1. 2002 FPV F6 Typhoon - $15k
If the AU Falcon was the sales-proof calm before the storm, then the BA Falcon of 16 years ago (really!) emerged to sweep the barely changed VY Commodore off its perch, especially in this powered-up Barra 4.0-litre turbo six-cylinder Typhoon form.
Although it had 270kW at 5000rpm, and 550Nm from 2000rpm until 4250rpm, even those figures betray the sheer straight-line destruction this boosted Barra could cause – let’s just say, Typhoon was apt. With sharp steering, a surprisingly compliant ride, better brakes than an XR6 Turbo and colours like orange and purple, you could argue that this was the peak of post-millennium Falcs. And we will argue just that…

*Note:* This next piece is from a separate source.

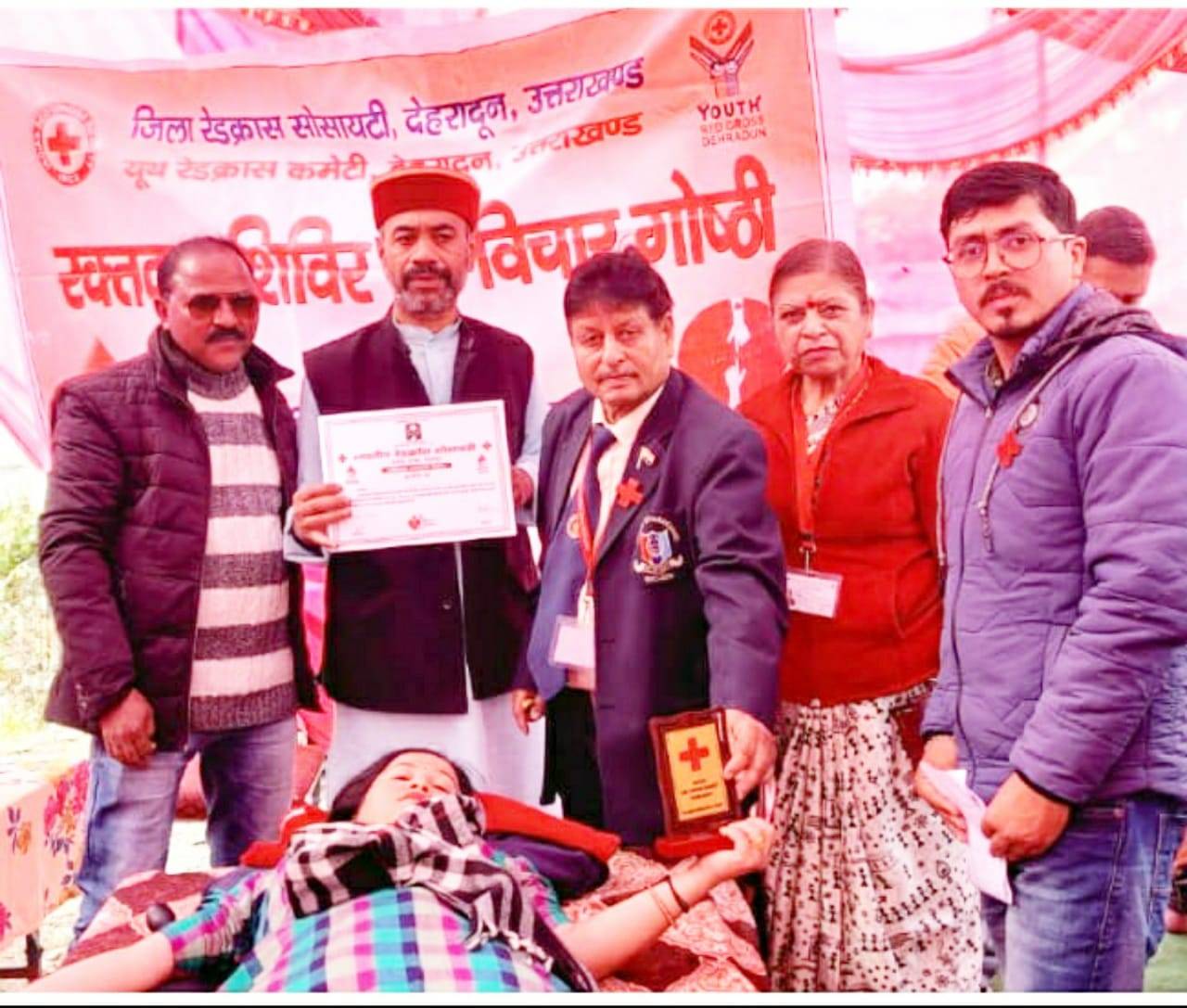 रक्तदान शिविर का उद्घाटन मुख्य अतिथि भाजपा नेता रविंद्र जुगरान, विशिष्ट अतिथि मुख्यमंत्री के प्रतिनिधि किशोर भट्ट, कार्यक्रम अध्यक्ष यूथ रेडक्रास कमेटी के चेयरमैन अनिल वर्मा, वरिष्ठ सदस्या मेजर प्रेमलता वर्मा,माध्यमिक अतिथि शिक्षक संघ के प्रदेश अध्यक्ष अभिषेक भट्ट कार्यकारी अध्यक्ष आशीष जोशी व प्रदेश प्रवक्ता राकेश लाल जोशी ने सम्बोधन कर किया।

MOTOR features: Barra tuning guide
2. 2008 Mitsubishi Evolution X - $30k
Yes, ‘the 10’ wasn’t as hardcore as the older Evos, but most of those have fallen somewhere between modified and molested these days. And for context, the decade-old Evo X is still about the sharpest chassis you can find for this price, mated to a 2.0-litre turbo four that slowly, gathered, force, then, hit… boost. With 217kW at 6500rpm and 366Nm at 3500rpm, the 1595kg four-door Mitsu is current Golf R-fast.

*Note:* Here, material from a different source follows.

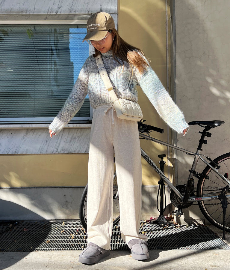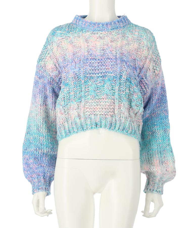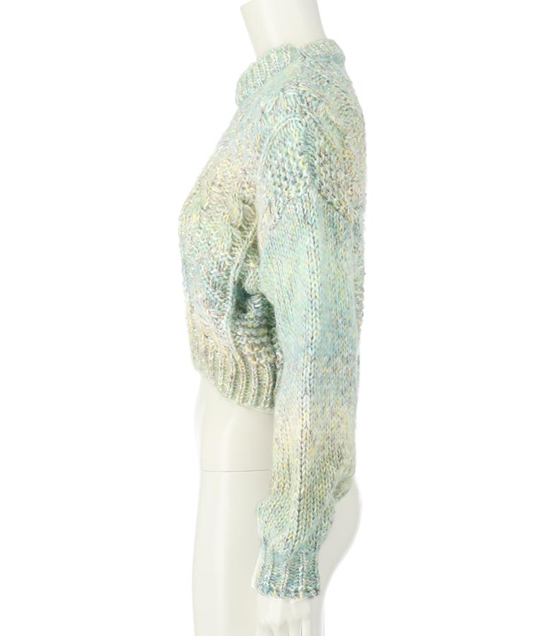 MIX糸をグラデーションに編んだショート丈ニットトップス。

However, rowing the long-throw five-speed manual was as distinctly old-school as an all-wheel drive system with a level of mechanicity and feedback that most modern cars have massaged out. Yet at the same time it doesn’t have the ropey steering and bloated body control of a Subaru WRX STI of that era. For $30K, it’s a great buy now.

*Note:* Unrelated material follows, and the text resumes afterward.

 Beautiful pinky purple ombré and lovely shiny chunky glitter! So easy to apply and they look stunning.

Classic MOTOR: Evo X v Evo VI TME v Evo IX track comparison
3. 2011 BMW 1 Series M Coupe - $60k
BMW finally admitted what some less hype-driven journalists had long believed: the over-boosted 1M was a bit under-developed. This first generation of 1 Series coupe was snappy even in 135i form, owing to a short wheelbase and surplus turbo torque. But as a wide-tracked, beefy-guarded M it took twitchiness to a whole new level.
On paper, the 3.0-litre twin-turbo six looked much like it did today, with 250kW at 5900rpm and 500Nm from 1500rpm until 4500rpm. But it was a whole lot boostier and more aggressive in its delivery of outputs compared with today’s turbo BMWs. Even so, a 4.9sec 0-100km/h from a 1495kg coupe that looks as tough as this? Yes, it has appeal and it may be a future classic. For everyone else, there’s the superb M2...
4. 1994 Audi RS2 Avant - $70k
You could have a brand new A4 2.0 TFSI Avant quattro with 185kW and 370Nm for about this money. Or, this 25-year-old Audi and Porsche collaboration, which even back then packed 235kW at 6500rpm and 410Nm at 3000rpm from its 2.2-litre turbo petrol four-cylinder.
The RS2 Avant is tiny, like a wagon version of the new S3 sedan more than an A4, and there’s a rawness to its execution that is missing from modern Ingolstadt products. Sublime steering feedback, a Ur-quattro-based all-wheel drive system where you can feel the differentials juggling drive, a soft-enough suspension setting that allows neat slides on the throttle. Oh, and just the most edgy, hard-charging engine, with lag for days and then sheer thrust to send drivers into a daze. Or a spin.
MOTOR feature: History of the RS2 and RS4
5. 2009 Nissan R35 GT-R - $80k
Is there a quicker stock car on the planet for new BMW M240i money? Well, while it’s hard to believe the R35 GT-R is a decade old, it’s still tough to look at its figures without drooling. A 3.8-litre twin-turbo V6 with 357kW at 6400rpm, 588Nm from 3200rpm until 5200rpm, a six-speed dual-clutch auto and sub-4.0sec 0-100km/h (let’s not worry about 3sec claims way back when – they were as honest as Carlos).
Even despite a 1748kg kerb weight, and criticism of apparently being too geeky compared with previous Godzillas, this Nissan supercar still knows how to play with its driver. It’s a slingshot in a straight line, and a playful pup through corners, able to twerk the back-end out by enough to surprise. Watch the servicing costs, but on the upside examples for $80K are now available with under 50,000km showing.